- **Stored items**:

═══

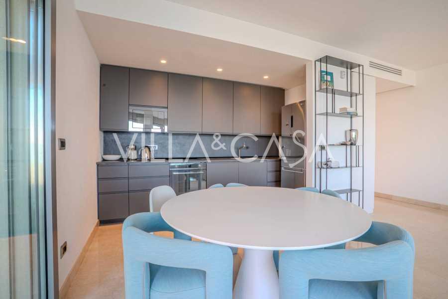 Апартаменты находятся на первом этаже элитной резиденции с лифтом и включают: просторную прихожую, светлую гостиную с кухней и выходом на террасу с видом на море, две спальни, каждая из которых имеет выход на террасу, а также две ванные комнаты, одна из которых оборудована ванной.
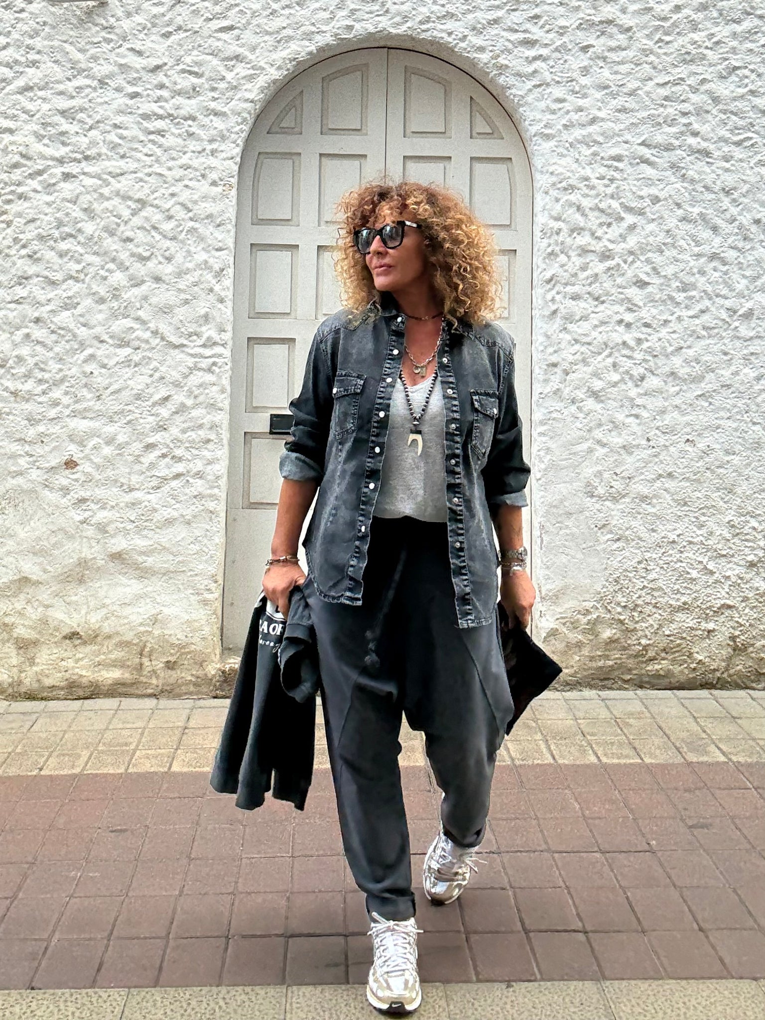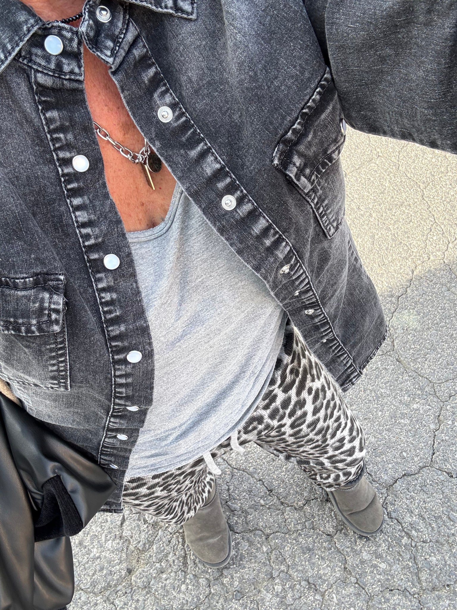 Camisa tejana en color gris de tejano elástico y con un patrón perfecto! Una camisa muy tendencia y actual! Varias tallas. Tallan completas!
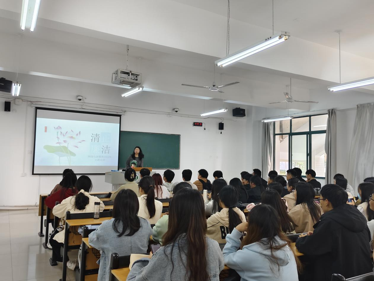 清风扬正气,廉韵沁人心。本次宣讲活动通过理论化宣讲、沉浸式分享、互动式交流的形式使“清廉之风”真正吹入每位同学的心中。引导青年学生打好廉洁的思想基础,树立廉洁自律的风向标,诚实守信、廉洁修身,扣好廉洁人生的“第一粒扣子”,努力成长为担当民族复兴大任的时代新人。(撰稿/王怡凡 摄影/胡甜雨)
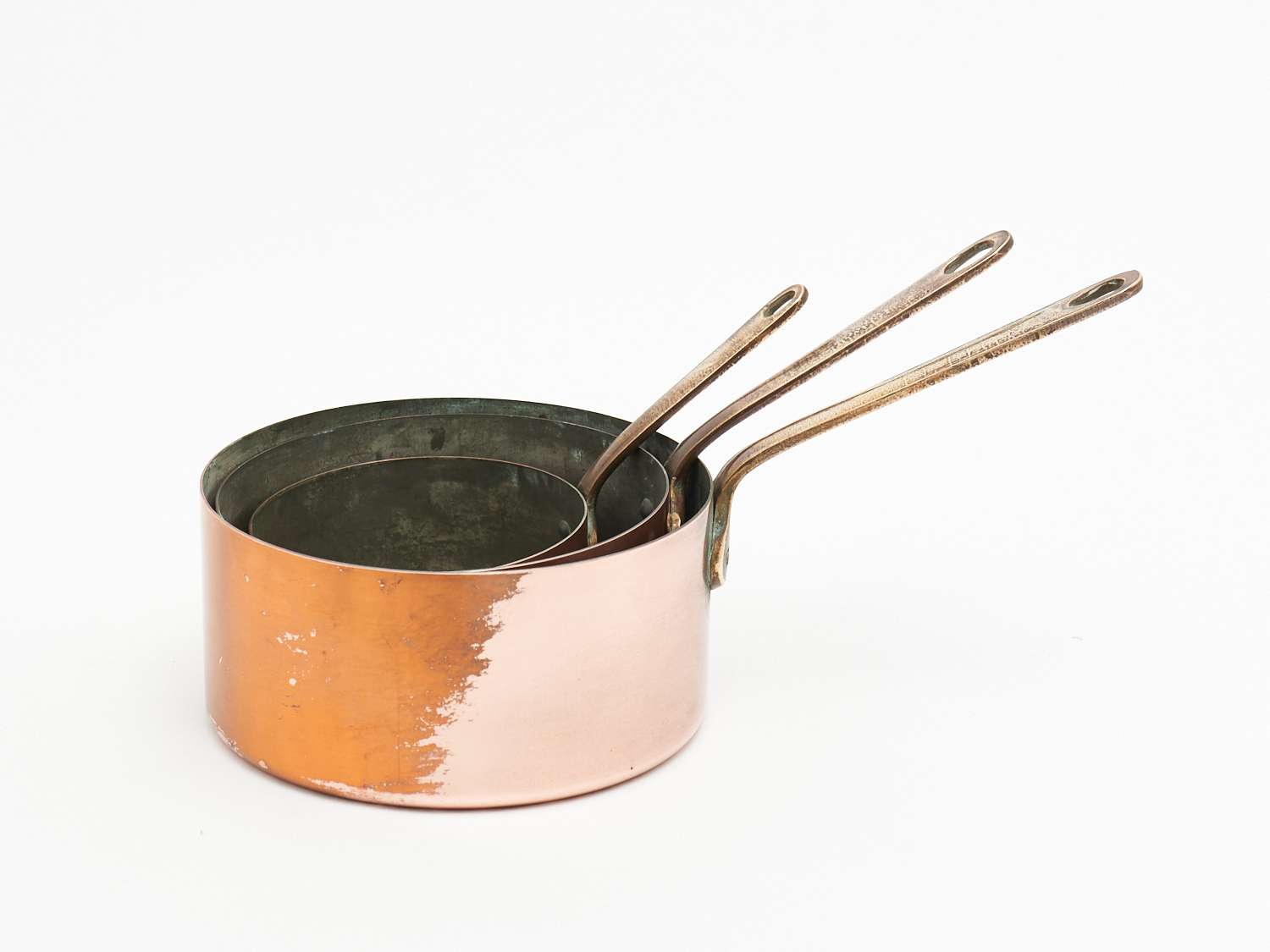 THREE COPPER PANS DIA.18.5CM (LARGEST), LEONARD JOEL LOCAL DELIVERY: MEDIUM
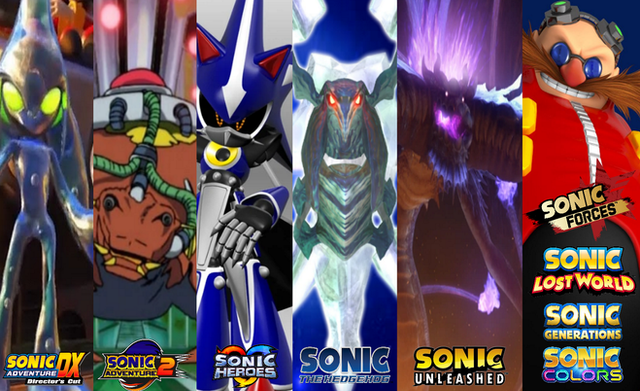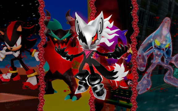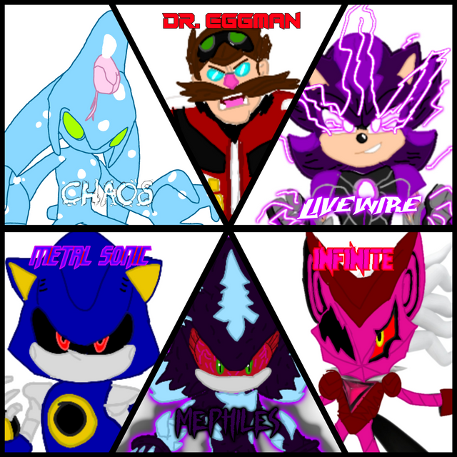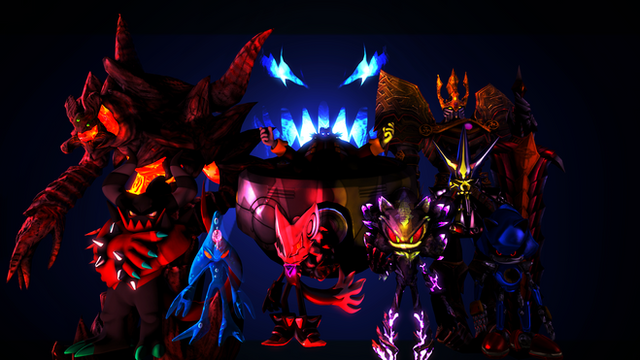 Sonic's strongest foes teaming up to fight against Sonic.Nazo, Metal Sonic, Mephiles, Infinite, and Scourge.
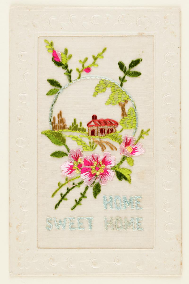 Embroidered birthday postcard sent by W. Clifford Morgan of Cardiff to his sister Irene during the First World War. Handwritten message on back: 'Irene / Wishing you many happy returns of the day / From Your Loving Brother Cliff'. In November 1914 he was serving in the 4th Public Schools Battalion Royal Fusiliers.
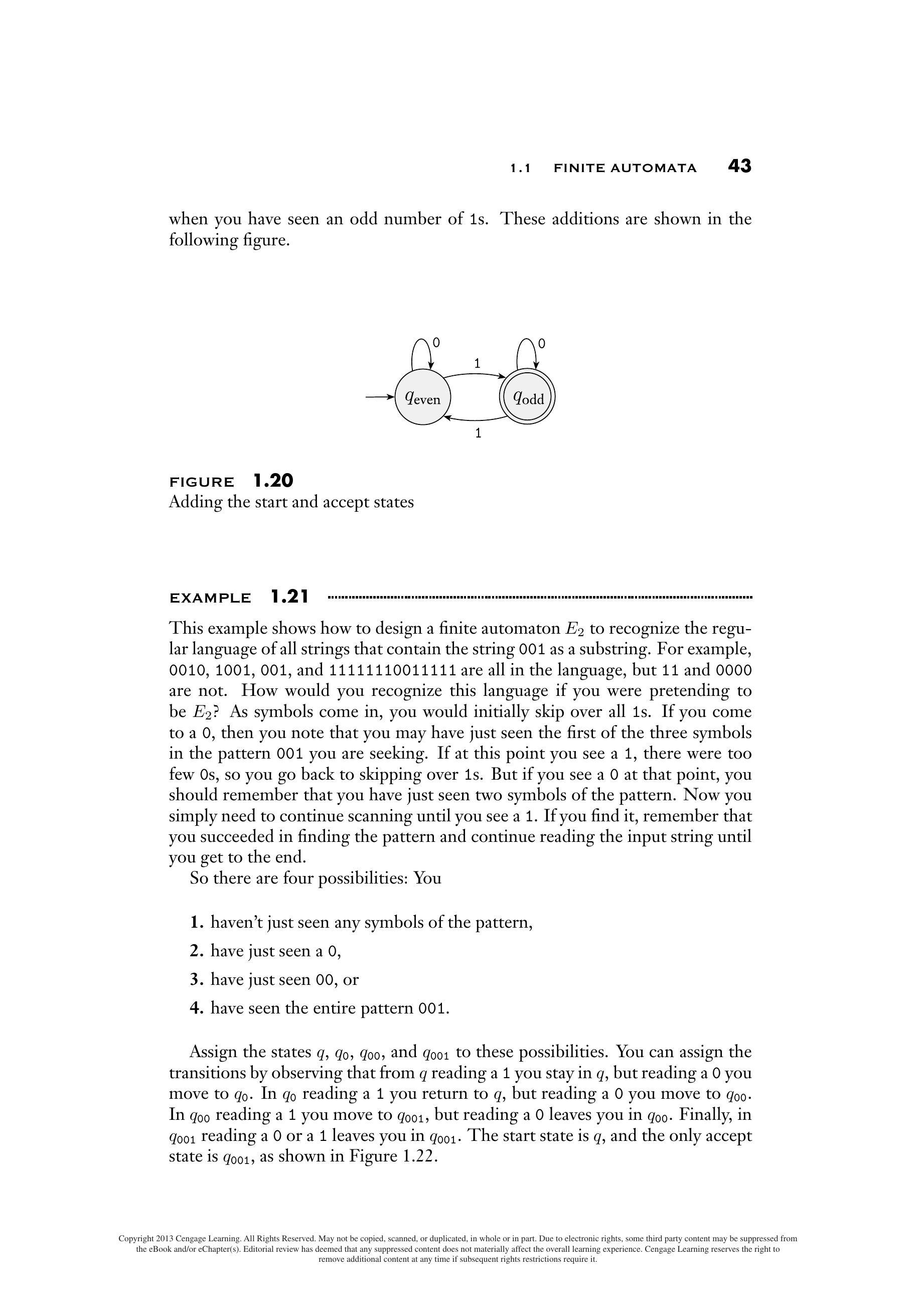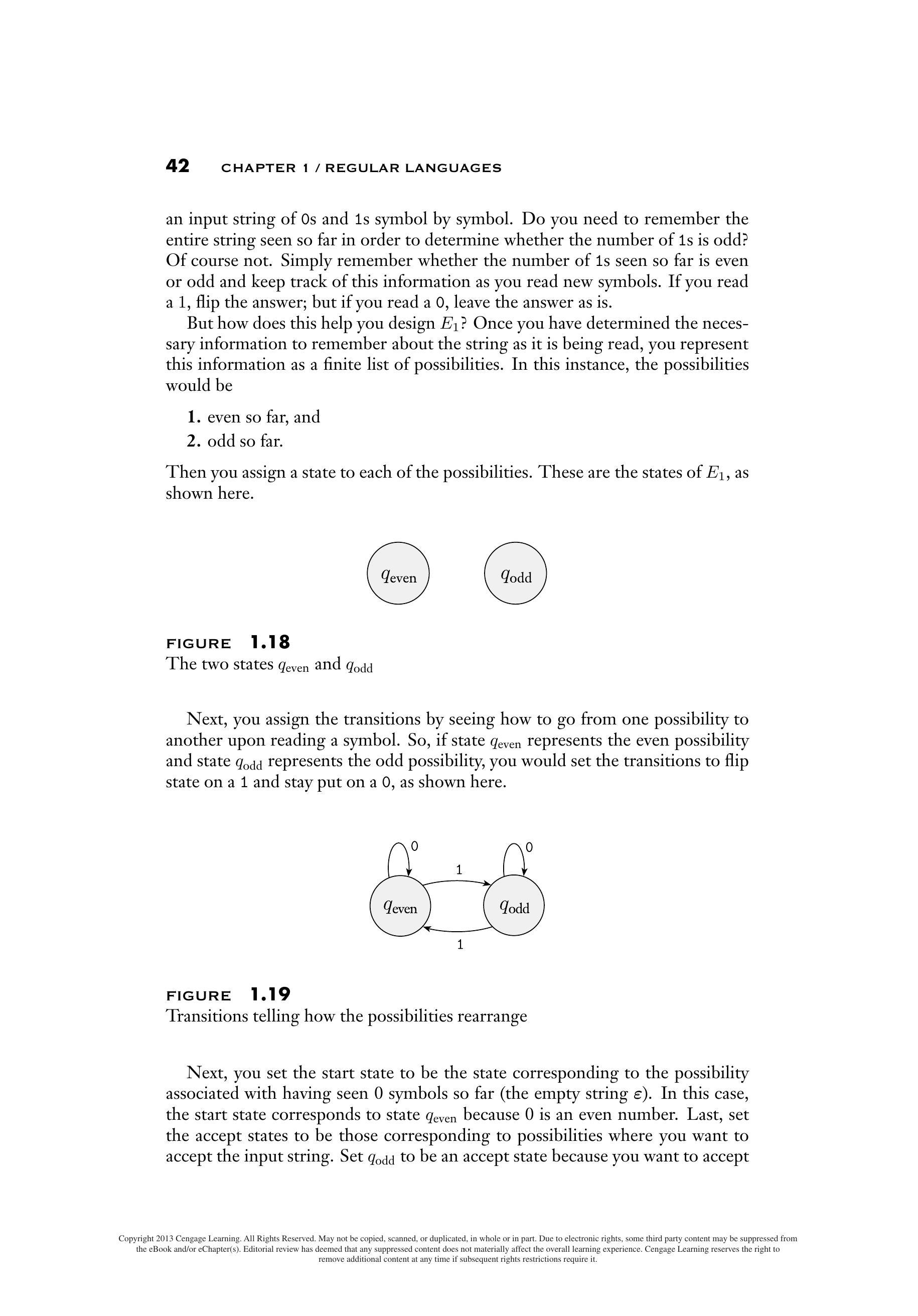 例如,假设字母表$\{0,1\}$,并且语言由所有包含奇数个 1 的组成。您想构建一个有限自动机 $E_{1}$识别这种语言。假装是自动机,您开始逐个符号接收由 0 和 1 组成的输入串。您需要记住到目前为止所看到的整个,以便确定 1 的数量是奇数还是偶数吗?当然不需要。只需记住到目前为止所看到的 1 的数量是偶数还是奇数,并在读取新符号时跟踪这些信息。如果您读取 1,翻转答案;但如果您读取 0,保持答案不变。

═══

- **HOW TO COMPLETE THIS TASK**: What are the lines above from the one with "Camisa tejana en" to the one with "Embroidered birthday postcard", both included? Reproduce them exactly, without pictures.

- **RESULT FOR THIS EXERCISE**:
 Camisa tejana en color gris de tejano elástico y con un patrón perfecto! Una camisa muy tendencia y actual! Varias tallas. Tallan completas!
 清风扬正气,廉韵沁人心。本次宣讲活动通过理论化宣讲、沉浸式分享、互动式交流的形式使“清廉之风”真正吹入每位同学的心中。引导青年学生打好廉洁的思想基础,树立廉洁自律的风向标,诚实守信、廉洁修身,扣好廉洁人生的“第一粒扣子”,努力成长为担当民族复兴大任的时代新人。(撰稿/王怡凡 摄影/胡甜雨)
 THREE COPPER PANS DIA.18.5CM (LARGEST), LEONARD JOEL LOCAL DELIVERY: MEDIUM
 Sonic's strongest foes teaming up to fight against Sonic.Nazo, Metal Sonic, Mephiles, Infinite, and Scourge.
 Embroidered birthday postcard sent by W. Clifford Morgan of Cardiff to his sister Irene during the First World War. Handwritten message on back: 'Irene / Wishing you many happy returns of the day / From Your Loving Brother Cliff'. In November 1914 he was serving in the 4th Public Schools Battalion Royal Fusiliers.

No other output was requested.